5. Manner of Exercise of Options. The Options may be exercised by delivery in person or via certified mail of a notice of exercise (in the form attached hereto as Exhibit A, “Notice of Exercise”) and related forms to the secretary of the Company stating the number of Shares with respect to which such Option is being exercised and such representations and agreements as to the Employee’s investment intent in respect of such Shares as may be required by the Company and accompanied by payment of the aggregate Exercise Price for the Shares in cash or by check, bank draft or money order payable to the order of the Company or, subsequent to an Initial Public Offering, through the delivery to the Company of a written authorization for a Cashless Exercise of the Options with irrevocable instructions to a broker to deliver promptly to the Company an amount equal to the aggregate Exercise Price for the Shares in accordance with Section 6.6(a)(5) of the Plan, subject to such limitations as the Committee may adopt from time to time or by any combination of the above methods of payment.

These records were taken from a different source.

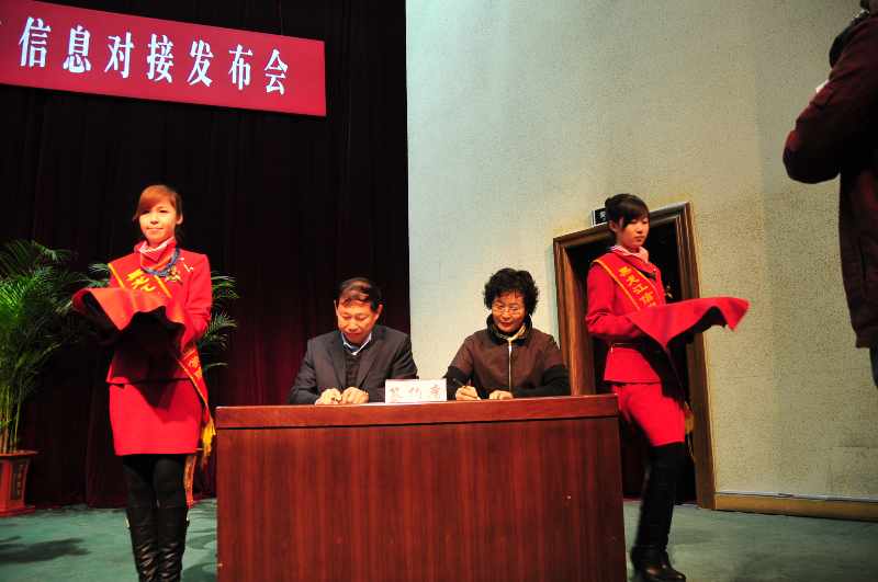 10月27日上午9时,由省工业和信息化委员会、省教育厅、省人力资源和社会保障厅主办,我院和信息技术职业学院承办的2010年全省院校学生就业与企业用工信息对接发布会在哈尔滨和平邨和平会堂胜利召开。全省28所本科院校、24所高职院校、51所技工学校及100多家知名企业参加了会议并发布供求信息。我院院长赵继会同志在主席台就坐,并分别与哈尔滨电机厂、牡丹江恒丰纸业有限责任公司现场签订了校企合作协议,学院党委副书记张玉山同志代表学院作了2011届毕业生信息发布。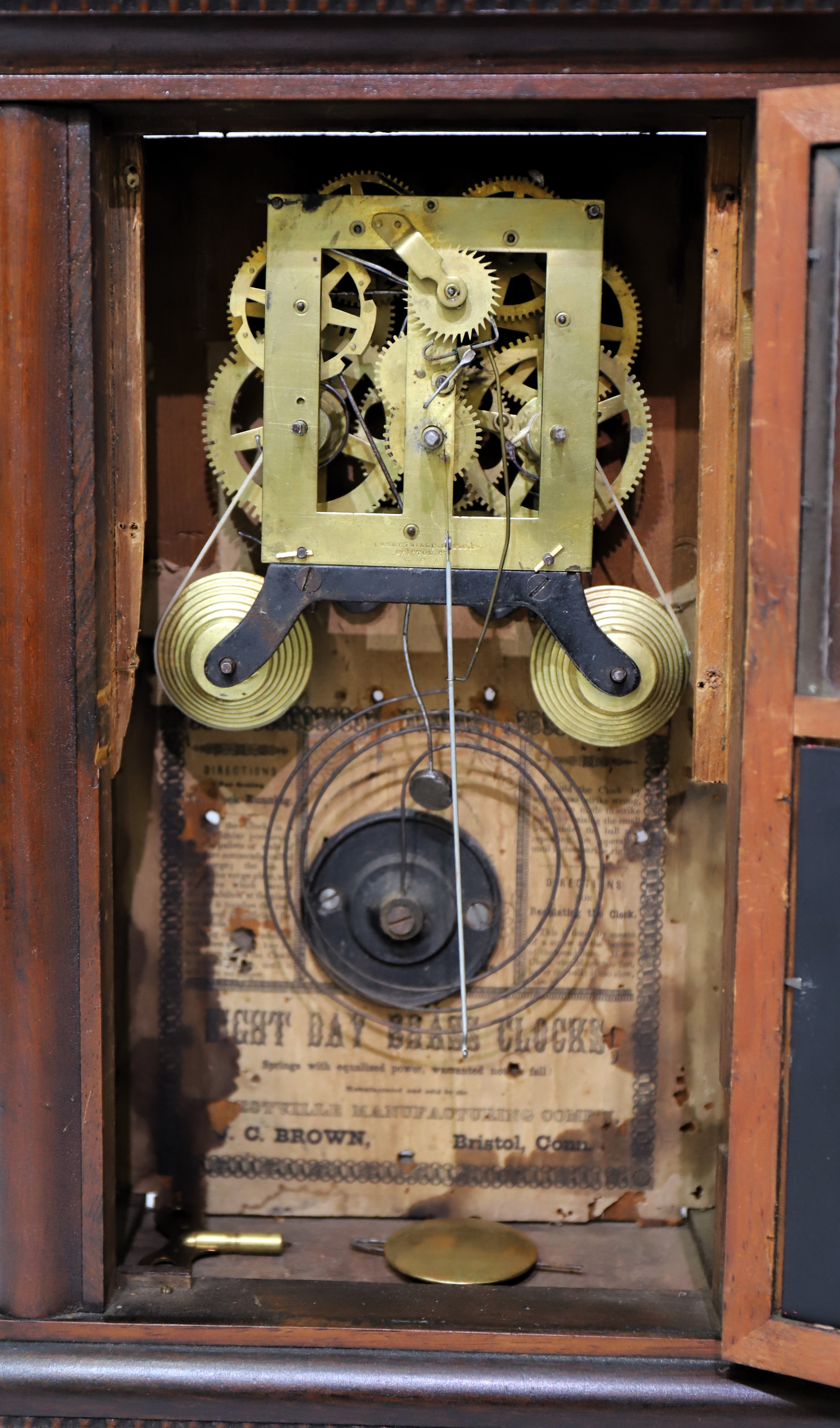Forestville M.F.G. Co. and will run for a while and strike on the wire gong. There is a good label inside. $100–$200.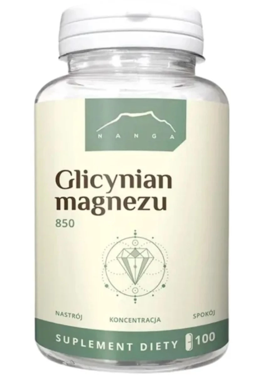 - Nanga Glicynian magnezu chelat 850 mg 100 kapsułek wyróżnia się chelatowaną formą magnezu o wysokiej biodostępności i wygodną formą kapsułek.

6. Non-Transferability. The right of the Employee to exercise the Options (as and when exercisable) may not be assigned or transferred by the Employee other than by will or the laws of descent and distribution. The Options may be exercised and the Shares may be purchased during the lifetime of the Employee only by the Employee (or the Employee’s legal representative in the event that the Employee’s employment is terminated due to “Disability” within the meaning of Code Section 22(e)). Any attempted assignment or transfer, except as hereinabove provided, including without limitation any purported assignment, whether voluntary or by operation of law, pledge, hypothecation or other disposition contrary to the provisions hereof, or any levy of execution, attachment, trustee process or similar process, whether legal or equitable, upon the Options, will in each instance be null and void.
7. Representation Letter and Investment Legend.
(a) In the event that for any reason the issuance of the Shares to be issued upon exercise of an exercisable Option will not be effectively registered under the 1933 Act, upon any date on which such Option is exercised, the Employee (or the person exercising the Option pursuant to Paragraph 6) will give a written representation to the Company in the form attached hereto as Exhibit B, and the Company will place the legend described in Exhibit B upon any certificate for the Shares issued by reason of such exercise.
(b) The Company will be under no obligation to qualify Shares or to cause a registration statement or a post-effective amendment to any registration statement to be prepared for the purpose of covering the issuance of Shares.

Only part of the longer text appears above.